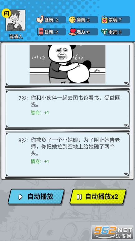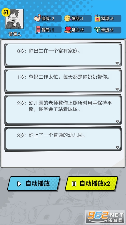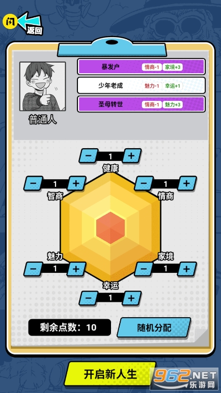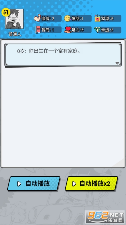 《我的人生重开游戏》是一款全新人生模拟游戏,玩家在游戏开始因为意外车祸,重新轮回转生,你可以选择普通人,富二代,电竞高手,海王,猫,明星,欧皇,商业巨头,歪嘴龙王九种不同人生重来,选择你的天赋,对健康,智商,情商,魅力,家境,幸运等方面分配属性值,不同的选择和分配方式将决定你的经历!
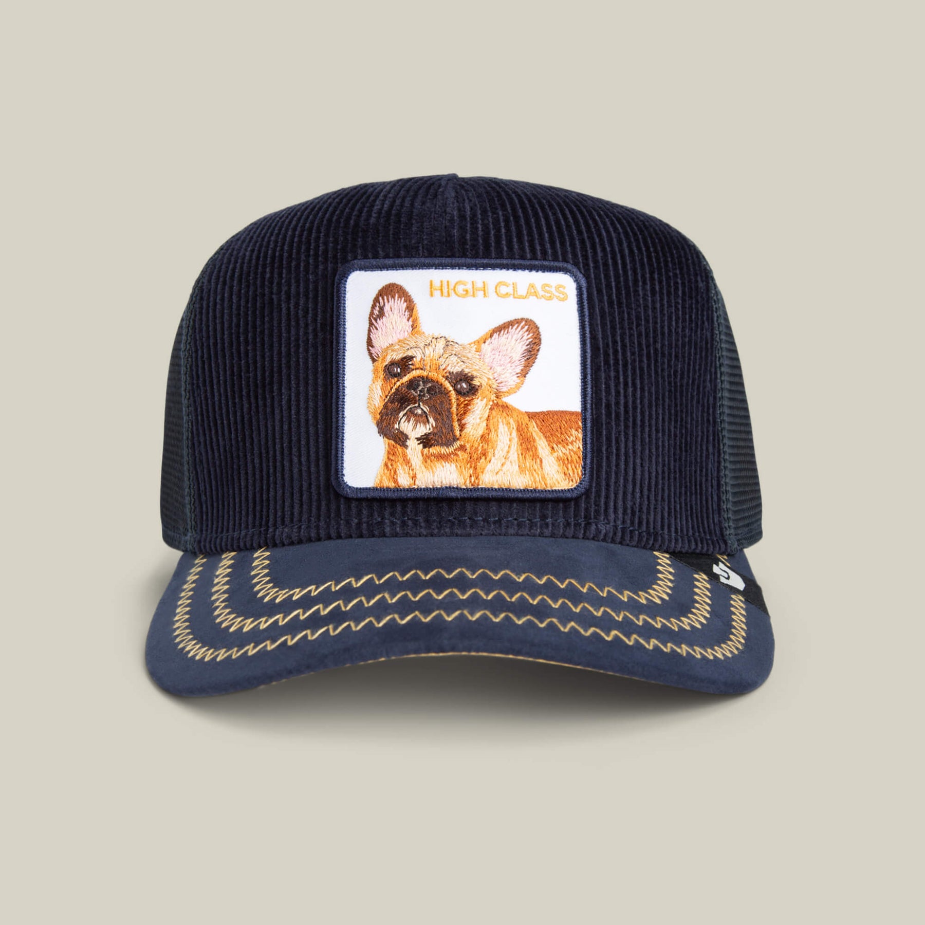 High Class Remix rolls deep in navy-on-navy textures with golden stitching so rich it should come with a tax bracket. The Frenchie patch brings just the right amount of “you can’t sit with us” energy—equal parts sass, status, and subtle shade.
* * *
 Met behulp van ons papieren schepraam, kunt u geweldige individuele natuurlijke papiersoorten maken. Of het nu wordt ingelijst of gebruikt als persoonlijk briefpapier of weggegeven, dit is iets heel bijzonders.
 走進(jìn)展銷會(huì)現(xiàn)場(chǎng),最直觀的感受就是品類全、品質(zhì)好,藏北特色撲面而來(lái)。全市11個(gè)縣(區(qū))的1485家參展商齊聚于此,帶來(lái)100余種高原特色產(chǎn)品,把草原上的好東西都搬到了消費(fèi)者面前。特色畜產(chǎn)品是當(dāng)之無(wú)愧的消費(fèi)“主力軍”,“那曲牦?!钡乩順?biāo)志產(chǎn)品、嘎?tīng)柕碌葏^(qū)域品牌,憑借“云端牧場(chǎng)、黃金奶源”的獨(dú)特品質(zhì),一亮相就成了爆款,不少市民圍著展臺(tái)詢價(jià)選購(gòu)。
--
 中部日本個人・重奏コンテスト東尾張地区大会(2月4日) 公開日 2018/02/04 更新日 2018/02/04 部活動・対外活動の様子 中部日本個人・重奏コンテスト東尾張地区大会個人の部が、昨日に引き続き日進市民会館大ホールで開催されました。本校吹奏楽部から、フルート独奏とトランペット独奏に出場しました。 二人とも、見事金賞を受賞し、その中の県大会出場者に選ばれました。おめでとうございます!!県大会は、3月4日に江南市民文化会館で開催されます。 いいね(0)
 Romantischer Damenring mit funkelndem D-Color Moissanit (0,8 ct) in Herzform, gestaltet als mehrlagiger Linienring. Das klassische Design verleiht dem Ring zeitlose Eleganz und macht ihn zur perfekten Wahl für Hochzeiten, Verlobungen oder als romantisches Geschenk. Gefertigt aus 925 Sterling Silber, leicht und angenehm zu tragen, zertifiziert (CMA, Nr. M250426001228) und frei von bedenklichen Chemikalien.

◆ What you have to do
Each line above from the one with "Met behulp van" up to and including the one with "走進(jìn)展銷會(huì" must be set down exactly, and no line outside that span may appear.

◆ Exercise answer
 Met behulp van ons papieren schepraam, kunt u geweldige individuele natuurlijke papiersoorten maken. Of het nu wordt ingelijst of gebruikt als persoonlijk briefpapier of weggegeven, dit is iets heel bijzonders.
 走進(jìn)展銷會(huì)現(xiàn)場(chǎng),最直觀的感受就是品類全、品質(zhì)好,藏北特色撲面而來(lái)。全市11個(gè)縣(區(qū))的1485家參展商齊聚于此,帶來(lái)100余種高原特色產(chǎn)品,把草原上的好東西都搬到了消費(fèi)者面前。特色畜產(chǎn)品是當(dāng)之無(wú)愧的消費(fèi)“主力軍”,“那曲牦?!钡乩順?biāo)志產(chǎn)品、嘎?tīng)柕碌葏^(qū)域品牌,憑借“云端牧場(chǎng)、黃金奶源”的獨(dú)特品質(zhì),一亮相就成了爆款,不少市民圍著展臺(tái)詢價(jià)選購(gòu)。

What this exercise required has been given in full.